As a side-note, the documentation regarding our GET orchestration status endpoint is actually incorrect for Durable v2.x (I'll open a separate issue to get that fixed). By default, we now return a 200 status code on orchestration failures. In order to restore the v1.x behavior, the url needs to use the query string parameter returnInternalServerErrorOnFailure=true. You can see the code for that here.

markheath commented 4 years ago

I think there is scope for several improvements to the way CallHttpAsync works for long-running operations.

First, there is no support for retries. You'd probably want separate retry policy options for the "initial" call to the endpoint, and for the calls to the endpoint for status polling. This could be supported with two optional RetryOptions properties on the DurableHttpRequest

Second, it would be nice to be able to specify an overall maximum polling duration, after which it could throw a time out exception.

Third, from my experiments it seems that the original HTTP request will time out in just under 90 seconds. It would be nice to be able to control that timeout duration with another property on DurableHttpRequest

Fourth, it seems a bit odd that the polling endpoint has to keep specifying the Location header. Could there be an option to always poll the Location header returned from the original request. Or even just to default to using that if there was no Location header returned by the polling endpoint.

Fifth, as @idg10 has pointed out, the polling pattern is a little idiosyncratic and doesn't necessarily match how many long-running APIs work in the wild. Maybe DurableHttpRequest could take a func that inspects the polling response and returns whether to keep polling or not.

Finally, the ManagedIdentityTokenSource that you can provide doesn't let you override the azureAdInstance constructor for the underlying AzureServiceTokenProvider, which prevents you from using it against Azure Government.

I'd be interested to hear any feedback on these suggestions, as we'd like to use this feature for some of our workflows and might be able to offer a PR with these changes in.

bachuv commented 4 years ago

Below are some possible modifications we can make to incorporate custom polling into the CallHttpAsync API. These modifications would allow customers to provide a Func<T, TResult> delegate to the CallHttpAsync API.

There will be a new type called PollingDecision that has 2 subtypes:

  1. PollAgain subtype: DurableHttpRequest
  2. DonePolling subtype: Empty Object

Func<T, TResult> delegate signature for the CallHttpAsync API:

Using this delegate function signature would be simple to use and implement. It would also allow synchronous operations because it would be performed in an orchestrator function.
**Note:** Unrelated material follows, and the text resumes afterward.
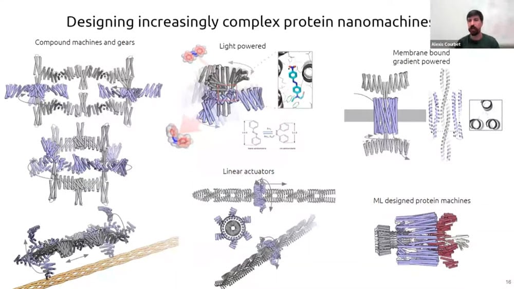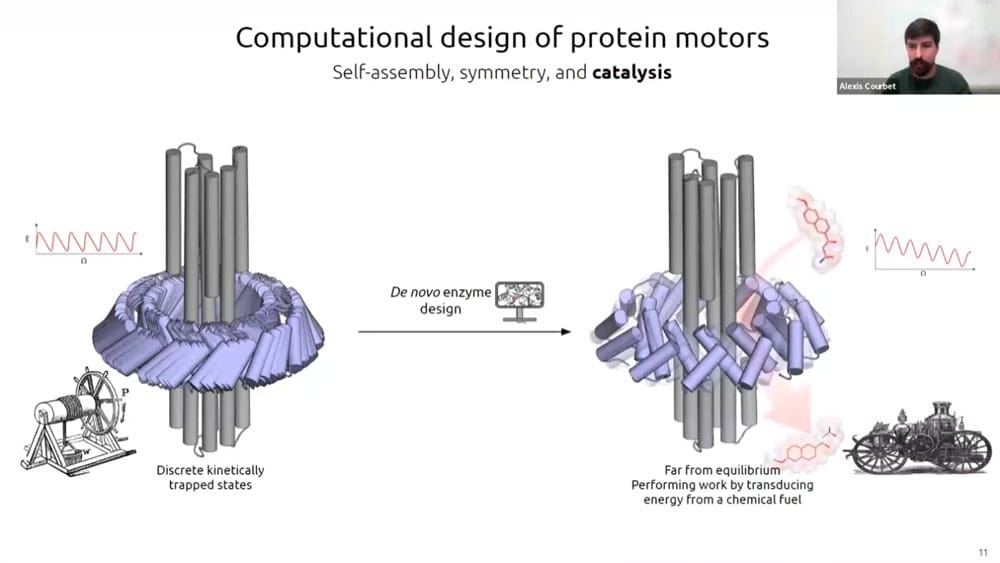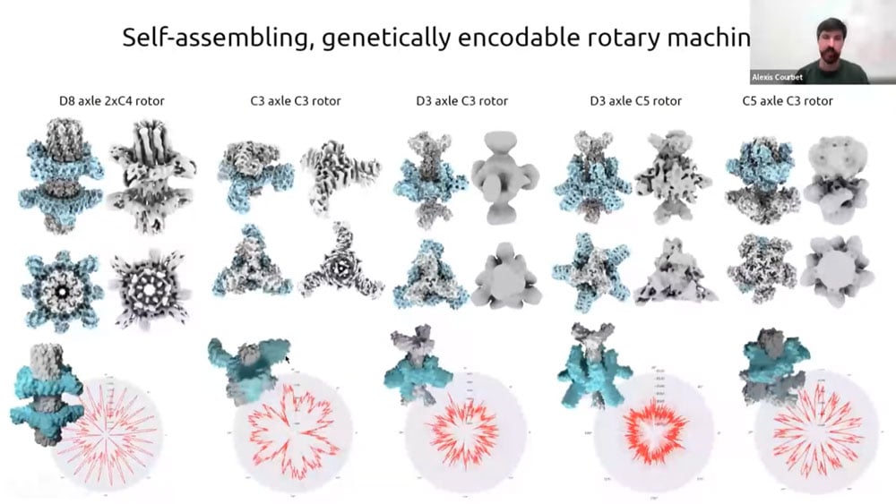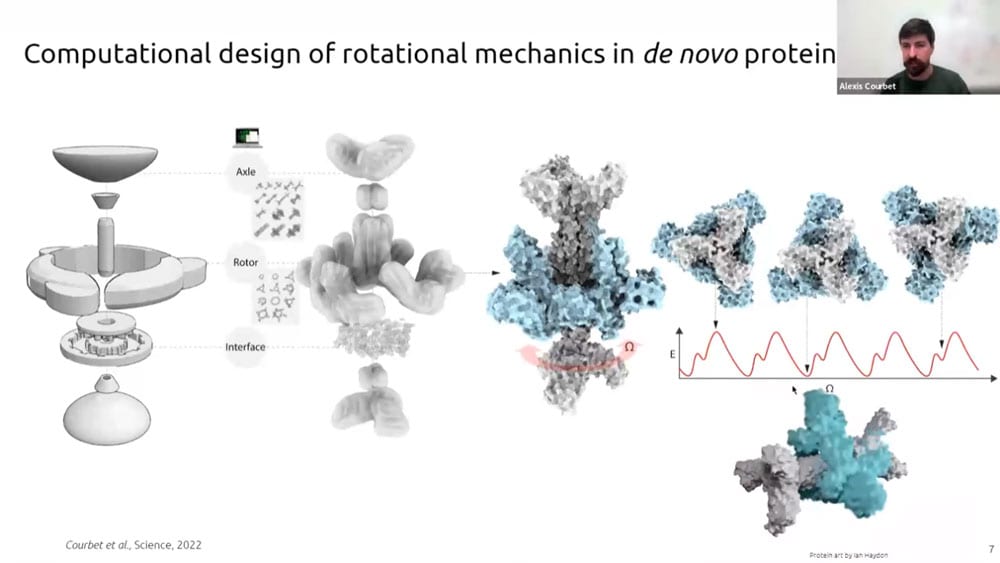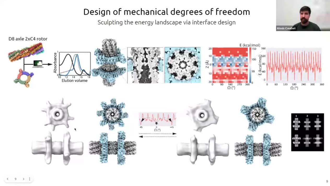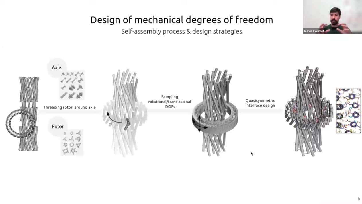 There has recently been a surge of progress with computational protein folding. Alexis is working on designing atomically precise machines using proteins as structural and mechanical elements. One of the first designs is an axel and rotor assembly. He started by designing the components separately, then computing the interface between components. He then simulated the motion and degrees of freedom to calculate whether the machine would perform the intended function.

Modifications to the 2 existing CallHttpAsync APIs:

  1. Task<DurableHttpResponse> CallHttpAsync(DurableHttpRequest req, Func<DurableHttpResponse, PollingDecision> pollingDecider = null)
  2. Task<DurableHttpResponse> CallHttpAsync(HttpMethod method, Uri uri, string content = null, Func<DurableHttpResponse, PollingDecision> funcName = null)

The Func<DurableHttpResponse, PollingDecision> delegate will allow customers to implement their own polling logic.

Also, 2 new issues were created to address the polling durations (issue #1278) and configuring ManagedIdentityTokenSource to work with government clouds (issue #1279).

MedAnd commented 4 years ago

Doing a deep dive this week with Durable Functions to validate their readiness for large scale e-commerce workloads and came across what the guys have mentioned above; whilst dissecting the Human interaction in Durable Functions - Phone verification sample.

Whilst we can create our own Polly based retry and timeout wrappers around DurableClient GetStatusAsync, I'm wondering why not support various input bindings also for DurableOrchestrationContext WaitForExternalEvent, for true pub / sub? For example WaitForExternalEvent could trigger on Azure Service Bus, CosmosDB etc as opposed to having a function trigger first, which then has to call DurableClient RaiseEventAsync.

The other big wish-list item is better handling of scenarios where the caller is latency sensitive, requires more synchronous results. In the Human interaction in Durable Functions - Phone verification sample again, when a user enter a response to a 2FA challenge, the UI (calling application) either has to continually poll a HttpTrigger function which in turn is using DurableClient GetStatusAsync or the HttpTrigger function has to internally poll via DurableClient GetStatusAsync, assuming the orchestration completes in under 90 seconds & the calling application does not bail on the HttpTrigger function. Both options feel like resource efficiency anti-patterns.

In addition, it's not very clear from existing samples and documentation what the best practices are around long running orchestrations and progress state. External calling functions may require to report on & correlate progress. Should this progress state be persisted to a DurableEntity, maybe in CosmosDB etc? Moreover maybe for these scenarios where the calling application wants more immediate feedback as opposed to polling the orchestration, would it be more efficient to use the Azure Functions bindings for SignalR Service?

@cgillum @jeffhollan @anthonychu & team - thoughts on above much appreciated!

cgillum commented 4 years ago

In addition, it's not very clear from existing samples and documentation what the best practices are around long running orchestrations and progress state. External calling functions may require to report on & correlate progress.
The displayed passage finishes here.